__Input data__:
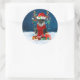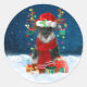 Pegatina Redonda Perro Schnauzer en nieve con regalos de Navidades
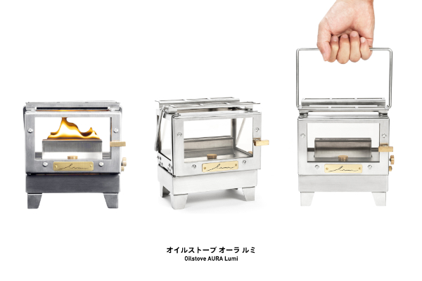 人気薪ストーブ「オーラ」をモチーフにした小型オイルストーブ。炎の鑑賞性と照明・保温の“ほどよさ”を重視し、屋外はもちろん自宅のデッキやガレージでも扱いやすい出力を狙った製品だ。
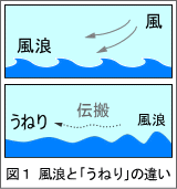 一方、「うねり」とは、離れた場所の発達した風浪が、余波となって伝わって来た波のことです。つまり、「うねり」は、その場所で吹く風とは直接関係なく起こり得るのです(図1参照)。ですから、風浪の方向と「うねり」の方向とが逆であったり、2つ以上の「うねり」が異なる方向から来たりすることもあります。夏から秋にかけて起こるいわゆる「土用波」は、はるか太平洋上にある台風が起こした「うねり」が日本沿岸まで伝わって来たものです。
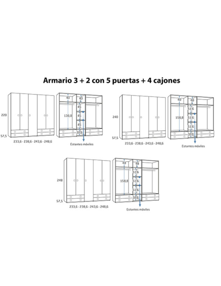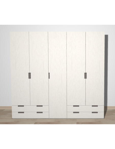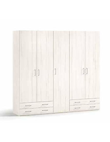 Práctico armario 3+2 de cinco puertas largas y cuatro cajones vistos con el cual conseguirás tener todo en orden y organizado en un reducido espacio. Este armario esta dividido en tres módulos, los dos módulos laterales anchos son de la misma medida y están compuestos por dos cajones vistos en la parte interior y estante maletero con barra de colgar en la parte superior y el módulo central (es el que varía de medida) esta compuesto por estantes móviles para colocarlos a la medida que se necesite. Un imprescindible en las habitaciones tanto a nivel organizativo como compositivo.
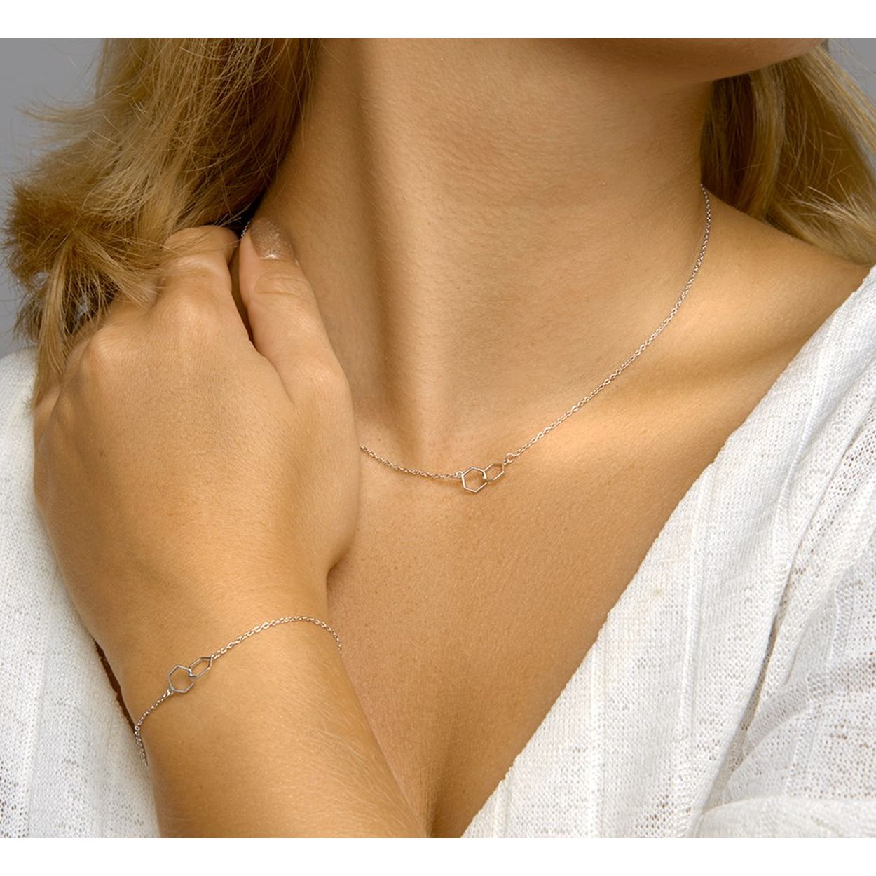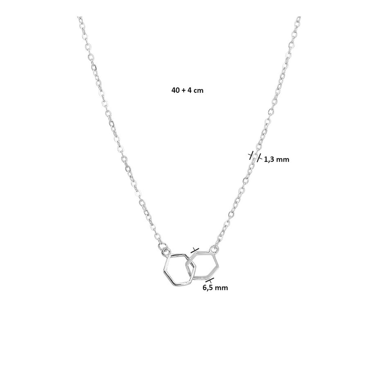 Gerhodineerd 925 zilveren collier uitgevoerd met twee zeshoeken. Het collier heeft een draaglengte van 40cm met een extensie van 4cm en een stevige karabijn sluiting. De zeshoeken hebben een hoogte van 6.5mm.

__Exercise objective__:
The reply should repeat the data in full, exactly as given, and contain no pictures.

__Exercise solution__:
 Pegatina Redonda Perro Schnauzer en nieve con regalos de Navidades
 人気薪ストーブ「オーラ」をモチーフにした小型オイルストーブ。炎の鑑賞性と照明・保温の“ほどよさ”を重視し、屋外はもちろん自宅のデッキやガレージでも扱いやすい出力を狙った製品だ。
 一方、「うねり」とは、離れた場所の発達した風浪が、余波となって伝わって来た波のことです。つまり、「うねり」は、その場所で吹く風とは直接関係なく起こり得るのです(図1参照)。ですから、風浪の方向と「うねり」の方向とが逆であったり、2つ以上の「うねり」が異なる方向から来たりすることもあります。夏から秋にかけて起こるいわゆる「土用波」は、はるか太平洋上にある台風が起こした「うねり」が日本沿岸まで伝わって来たものです。
 Práctico armario 3+2 de cinco puertas largas y cuatro cajones vistos con el cual conseguirás tener todo en orden y organizado en un reducido espacio. Este armario esta dividido en tres módulos, los dos módulos laterales anchos son de la misma medida y están compuestos por dos cajones vistos en la parte interior y estante maletero con barra de colgar en la parte superior y el módulo central (es el que varía de medida) esta compuesto por estantes móviles para colocarlos a la medida que se necesite. Un imprescindible en las habitaciones tanto a nivel organizativo como compositivo.
 Gerhodineerd 925 zilveren collier uitgevoerd met twee zeshoeken. Het collier heeft een draaglengte van 40cm met een extensie van 4cm en een stevige karabijn sluiting. De zeshoeken hebben een hoogte van 6.5mm.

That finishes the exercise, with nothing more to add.